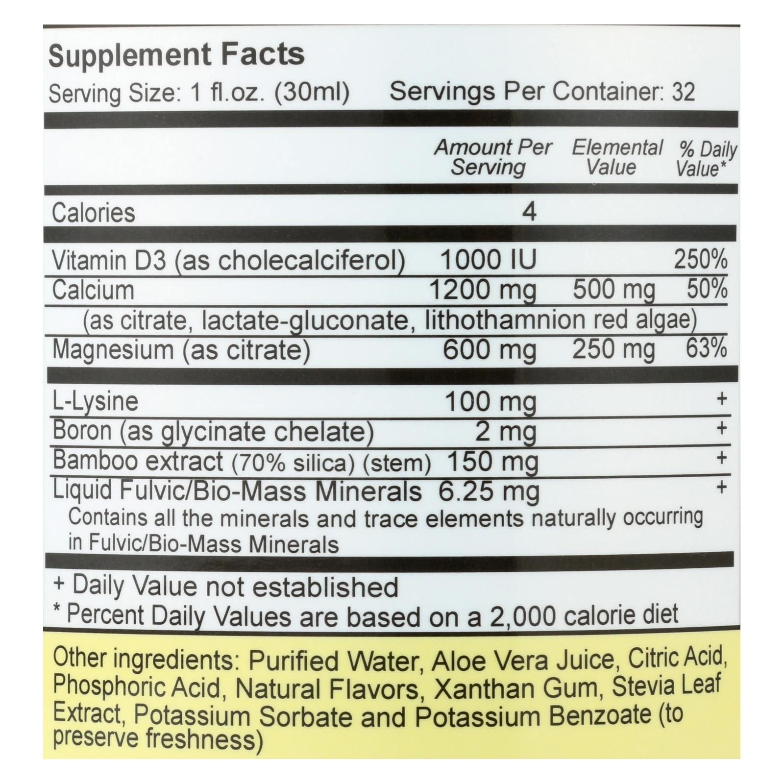 Vital earth liquid calcium-magnesium supplement contains a high potency combination of vitamin d3, calcium, magnesium, l-lysine, boron, bamboo stem extract and plant-based fulvic minerals. Every 32 fl. Oz. Bottle of vital earth calcium-magnesium is free of gluten, gmos, artificial colors and flavors, starch, yeast, sodium and sugar. It is also 100% vegetarian. Please read all product usage and warning labels, including allergen information, before using.
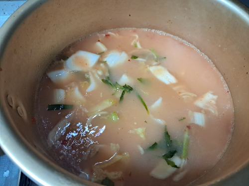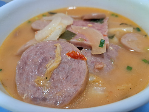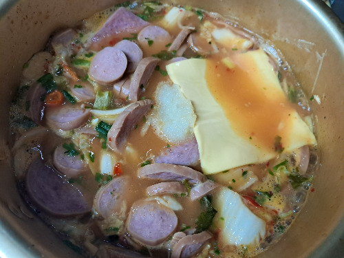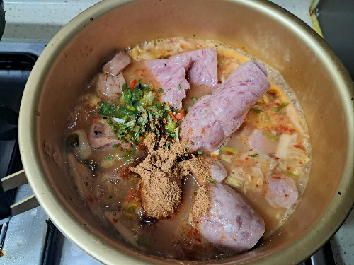꼬리곰탕 육수에 모둠햄을 넣고 부대찌개를 하려고 한다. 꼬리곰탕으로 부대찌개 끓이기에
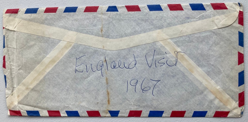 I have mentioned before when I started this project, that both my grandmother (who saved these letters), and my mother (who got them back when my grandmother brought them with her when she came to live with my parents), read, organized and enjoyed these letters years after they were written as they read them again in their old age- and how I am following in their footsteps! On the envelope of this long typed effusion Carol had written an identifier in pencil: ‘Cyn’s trip and what she thought of everyone’ and Cyn later wrote her own on the back: ‘England Visit 1967’. It must have been entertaining to write about her friends after meeting them for the first time in 18 years, and fun for Carol to read about them, and for each to re-read years later. However, at the end of the letter, Cyn asked her mother not to tell anyone about her opinions, or she wouldn’t have a friend left. I am now literally “spreading…[her] opinions to the winds” and hope that they will not offend anyone reading them today! She wrote this spread over a week while working at the newly opened Nursery School, and I am sad that the sequel she promises at the end does not exist- no more letters until April 1968 were preserved.
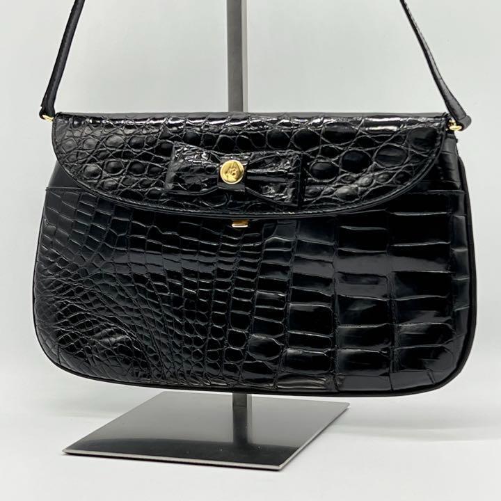 - 【美品】MODA BORS モーダボルゼ ショルダーバッグ クロコダイル クロコ レザー 通勤 通学 フォーマル レディース ブラック CB671224B
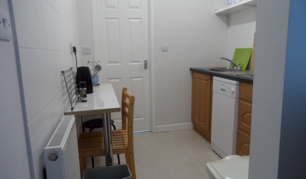 The bedroom has a comfortable 4' bed, large desk and chair, chest of drawers, wardrobe and easy chair. The kitchen is fully equipped with a hob, fridge/freezer, sink, dishwasher, combination microwave, kettle, table and stools, storage cupboards and shelf. The bathroom is clean and bright with a large shower cubicle. The sitting room and garden are communal areas
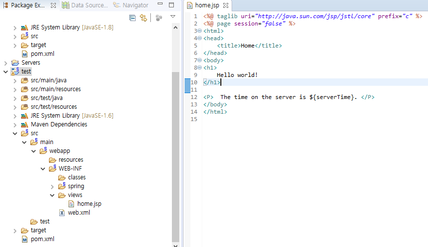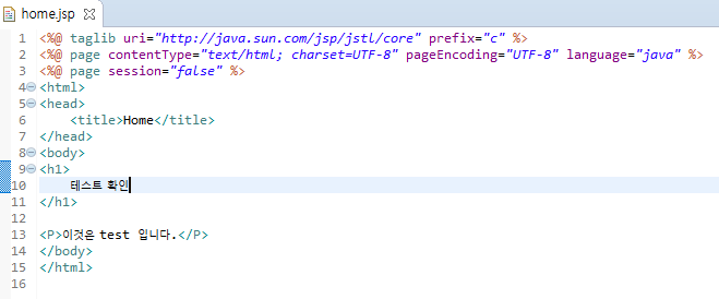 10. 한글이 깨지므로 src - webapp - WEB-INF - views - home.jsp를 확인한다.

Task statement:
Begin at the top of the material above and output each line exactly, stopping after the line that holds "- 【美品】MODA BORS". Leave out pictures.

Answer section:
 Vital earth liquid calcium-magnesium supplement contains a high potency combination of vitamin d3, calcium, magnesium, l-lysine, boron, bamboo stem extract and plant-based fulvic minerals. Every 32 fl. Oz. Bottle of vital earth calcium-magnesium is free of gluten, gmos, artificial colors and flavors, starch, yeast, sodium and sugar. It is also 100% vegetarian. Please read all product usage and warning labels, including allergen information, before using.
꼬리곰탕 육수에 모둠햄을 넣고 부대찌개를 하려고 한다. 꼬리곰탕으로 부대찌개 끓이기에
 I have mentioned before when I started this project, that both my grandmother (who saved these letters), and my mother (who got them back when my grandmother brought them with her when she came to live with my parents), read, organized and enjoyed these letters years after they were written as they read them again in their old age- and how I am following in their footsteps! On the envelope of this long typed effusion Carol had written an identifier in pencil: ‘Cyn’s trip and what she thought of everyone’ and Cyn later wrote her own on the back: ‘England Visit 1967’. It must have been entertaining to write about her friends after meeting them for the first time in 18 years, and fun for Carol to read about them, and for each to re-read years later. However, at the end of the letter, Cyn asked her mother not to tell anyone about her opinions, or she wouldn’t have a friend left. I am now literally “spreading…[her] opinions to the winds” and hope that they will not offend anyone reading them today! She wrote this spread over a week while working at the newly opened Nursery School, and I am sad that the sequel she promises at the end does not exist- no more letters until April 1968 were preserved.
 - 【美品】MODA BORS モーダボルゼ ショルダーバッグ クロコダイル クロコ レザー 通勤 通学 フォーマル レディース ブラック CB671224B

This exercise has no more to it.